[Opening The data section]

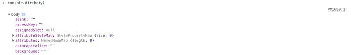 有时候我们很想看一看 DOM 对象上的一些属性,如果我们使用 console.log 来打印,只能把元素结构打印出来,如图:
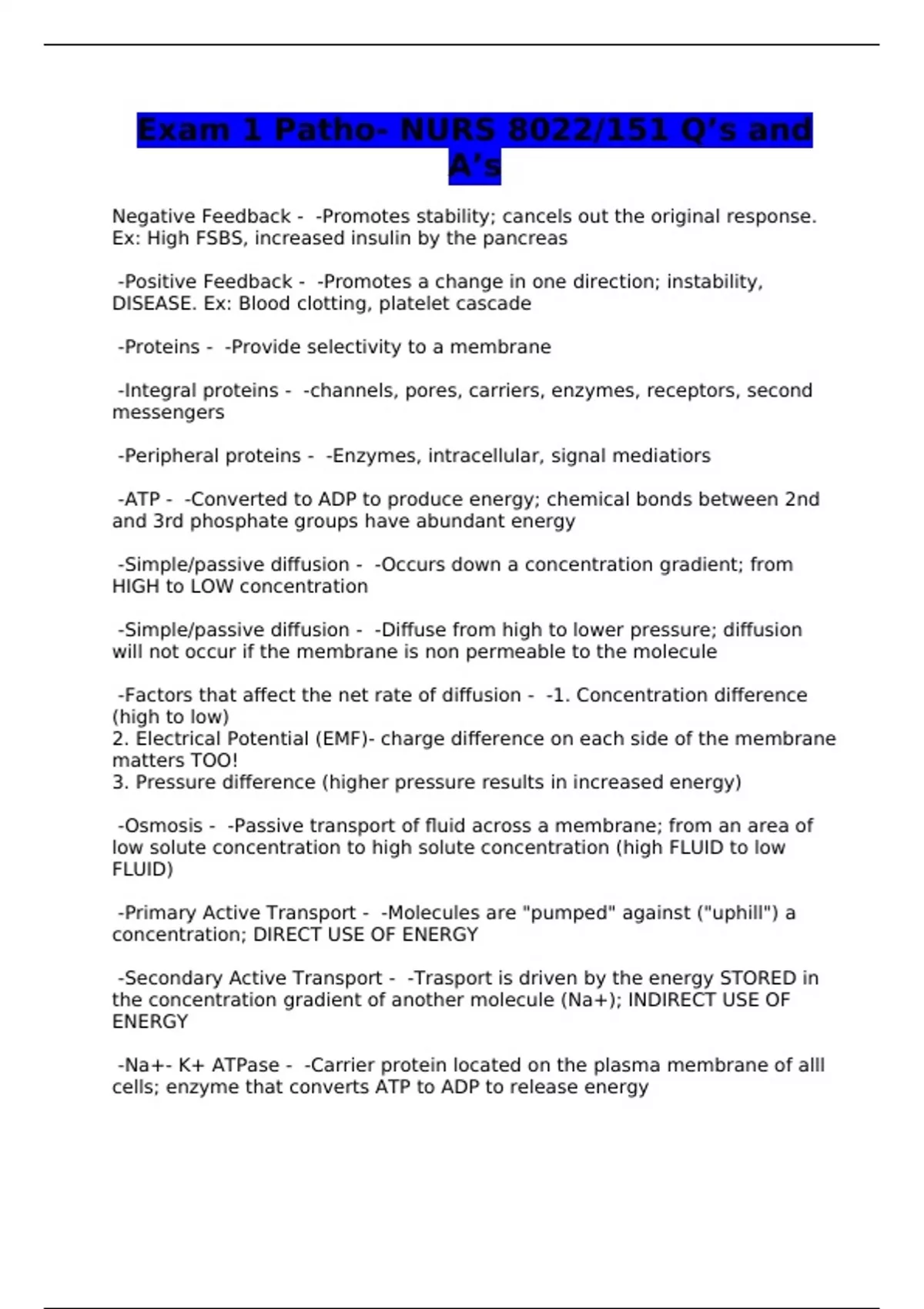 Exam 1 Patho- NURS 8022/151 Q’s and A’s
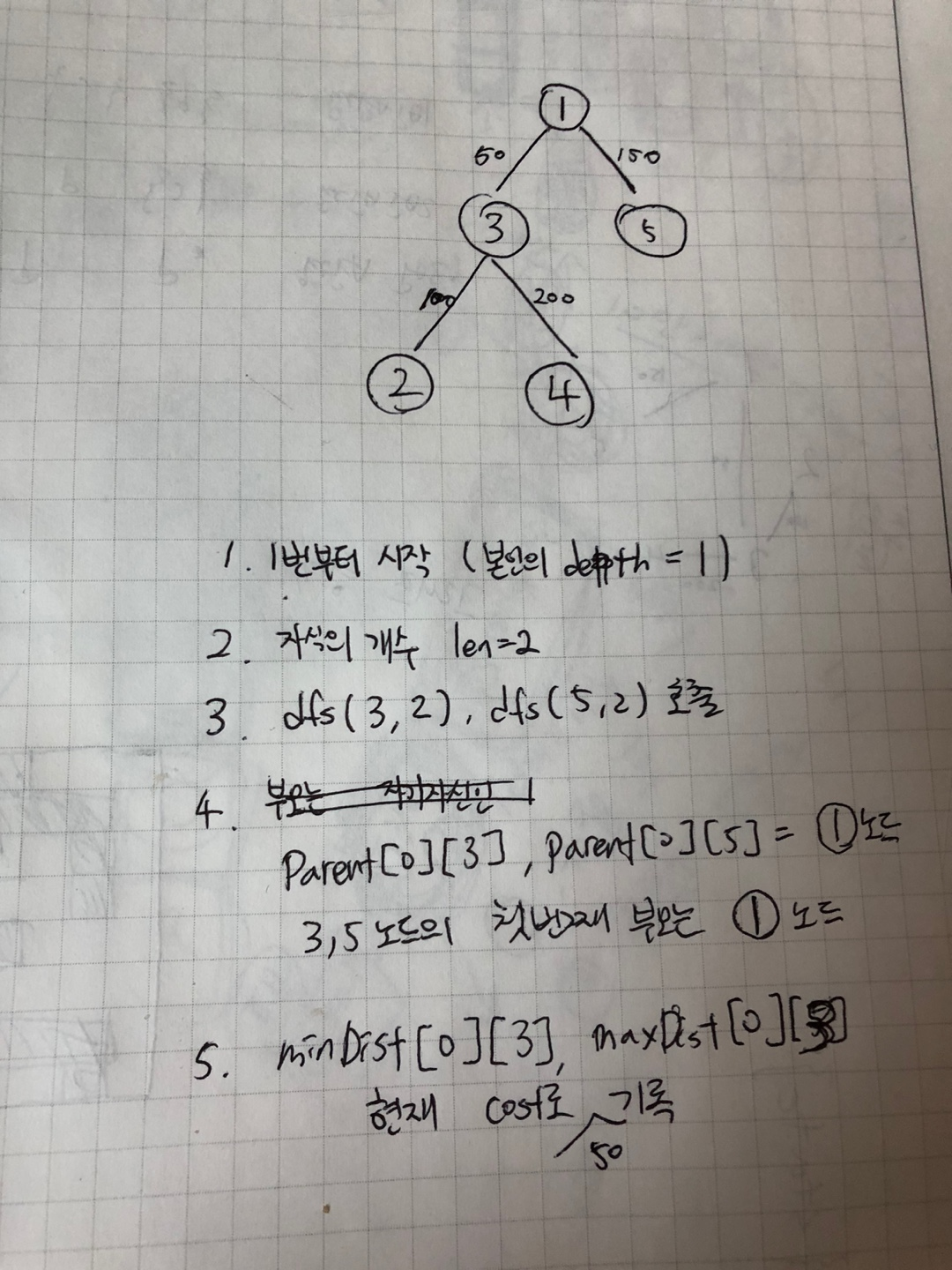 // DEPTH 확인 DFS static void dfs(int id, int cnt) { // 1. depth를 기록 depth[id] = cnt; // 2. 자식들의 depth를 기록 int len = tree[id].size(); for (int i = 0; i < len; i++) { edge next = (edge) tree[id].get(i); if (depth[next.target] != 0) { continue; } // 아직 깊이를 모르면 → 미방문 노드 dfs(next.target, cnt+1); parent[0][next.target] = id; // 첫번째 부모를 기록 minDist[0][next.target] = next.cost; // 현재 cost로 갱신 maxDist[0][next.target] = next.cost; // 현재 cost로 갱신 } return; }
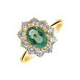 Prsten z 14kt žlutého zlata zdobený diamanty a smaragdem je jako procházka v zahradě plné květin a krásy. Jeho krásný smaragd a třpytivé diamanty vytvářejí šperk, který zaujme každého svou elegancí a krásou. Šperk je součástí kolekce Diana.
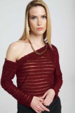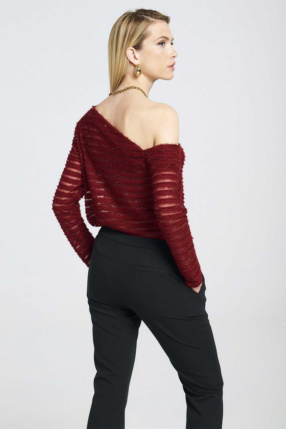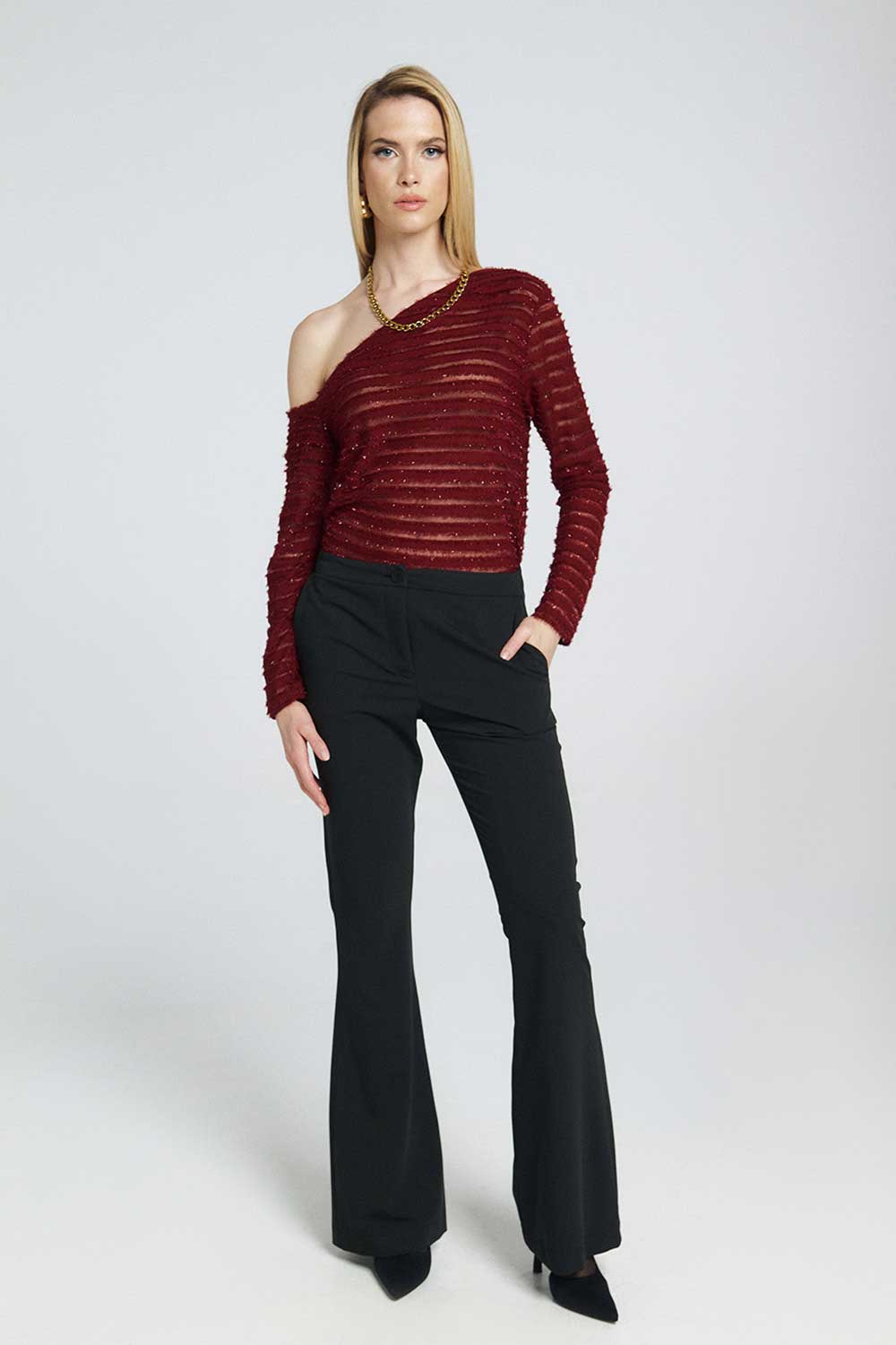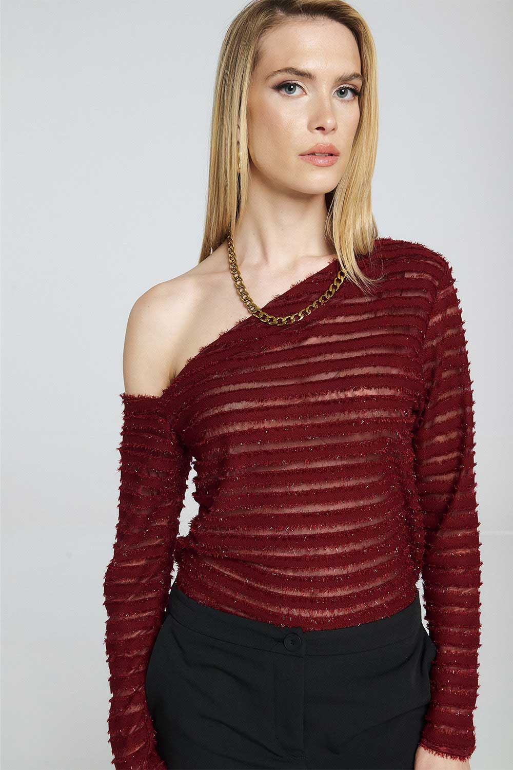 Μπλούζα one size, με ανοιχτό τον έναν ώμο και γυαλάδες και διαφάνειες.
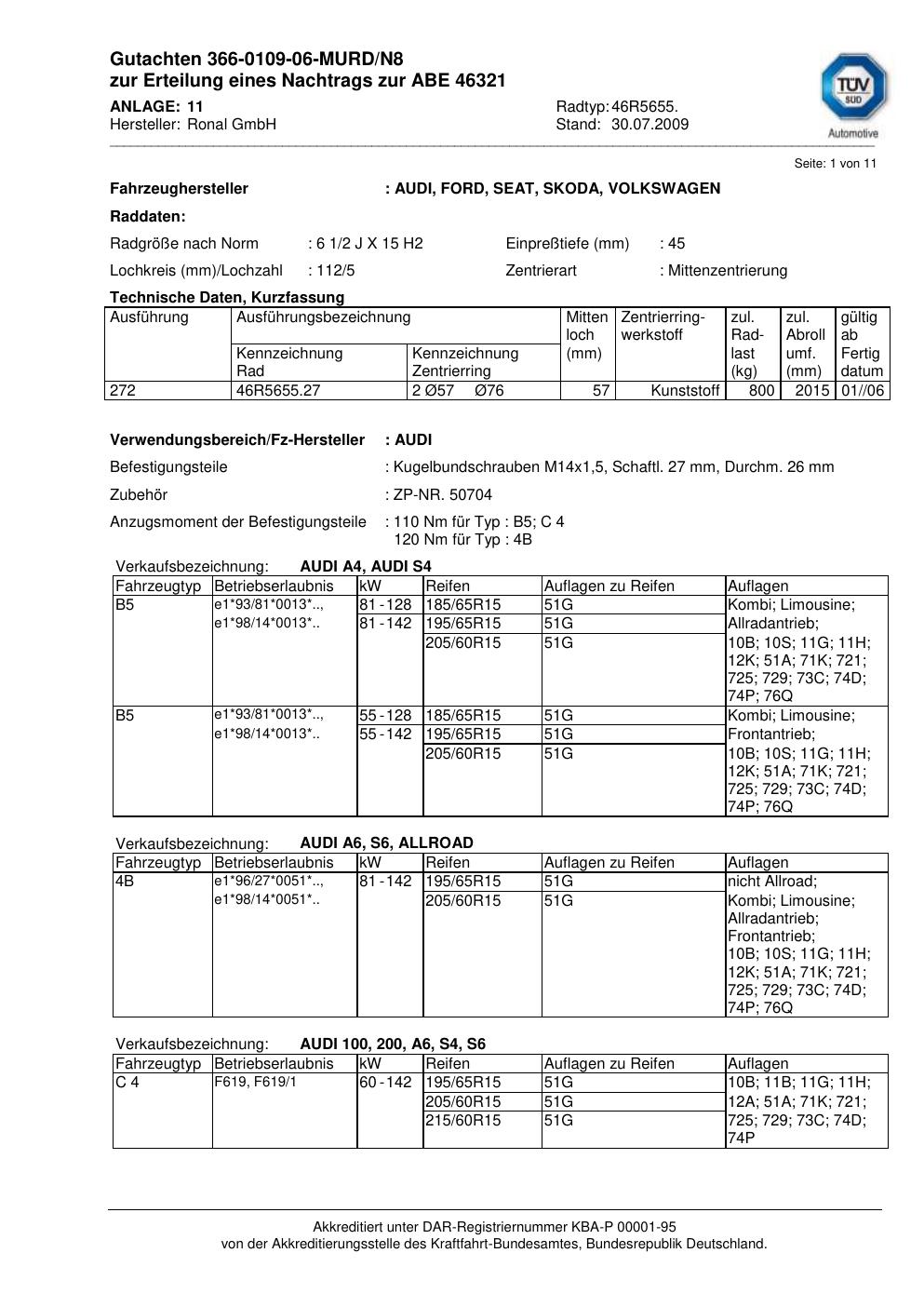 Dieses Gutachten (abe) bezieht sich auf die Alufelge Ronal 46R5655 in der Ausführung 2Jx15 ET 0, Mittenloch 0 mm (KBA 46321). Im PDF findest du typischerweise zulässige Reifengrößen, Auflagen/Anbauhinweise und – je nach Dokument – Hinweise zur Eintragung.

[Closing The data section]

#### Exercise brief:
Could you retype every line above exactly as it appears, skipping the pictures?

#### Exercise answer:
 有时候我们很想看一看 DOM 对象上的一些属性,如果我们使用 console.log 来打印,只能把元素结构打印出来,如图:
 Exam 1 Patho- NURS 8022/151 Q’s and A’s
 // DEPTH 확인 DFS static void dfs(int id, int cnt) { // 1. depth를 기록 depth[id] = cnt; // 2. 자식들의 depth를 기록 int len = tree[id].size(); for (int i = 0; i < len; i++) { edge next = (edge) tree[id].get(i); if (depth[next.target] != 0) { continue; } // 아직 깊이를 모르면 → 미방문 노드 dfs(next.target, cnt+1); parent[0][next.target] = id; // 첫번째 부모를 기록 minDist[0][next.target] = next.cost; // 현재 cost로 갱신 maxDist[0][next.target] = next.cost; // 현재 cost로 갱신 } return; }
 Prsten z 14kt žlutého zlata zdobený diamanty a smaragdem je jako procházka v zahradě plné květin a krásy. Jeho krásný smaragd a třpytivé diamanty vytvářejí šperk, který zaujme každého svou elegancí a krásou. Šperk je součástí kolekce Diana.
 Μπλούζα one size, με ανοιχτό τον έναν ώμο και γυαλάδες και διαφάνειες.
 Dieses Gutachten (abe) bezieht sich auf die Alufelge Ronal 46R5655 in der Ausführung 2Jx15 ET 0, Mittenloch 0 mm (KBA 46321). Im PDF findest du typischerweise zulässige Reifengrößen, Auflagen/Anbauhinweise und – je nach Dokument – Hinweise zur Eintragung.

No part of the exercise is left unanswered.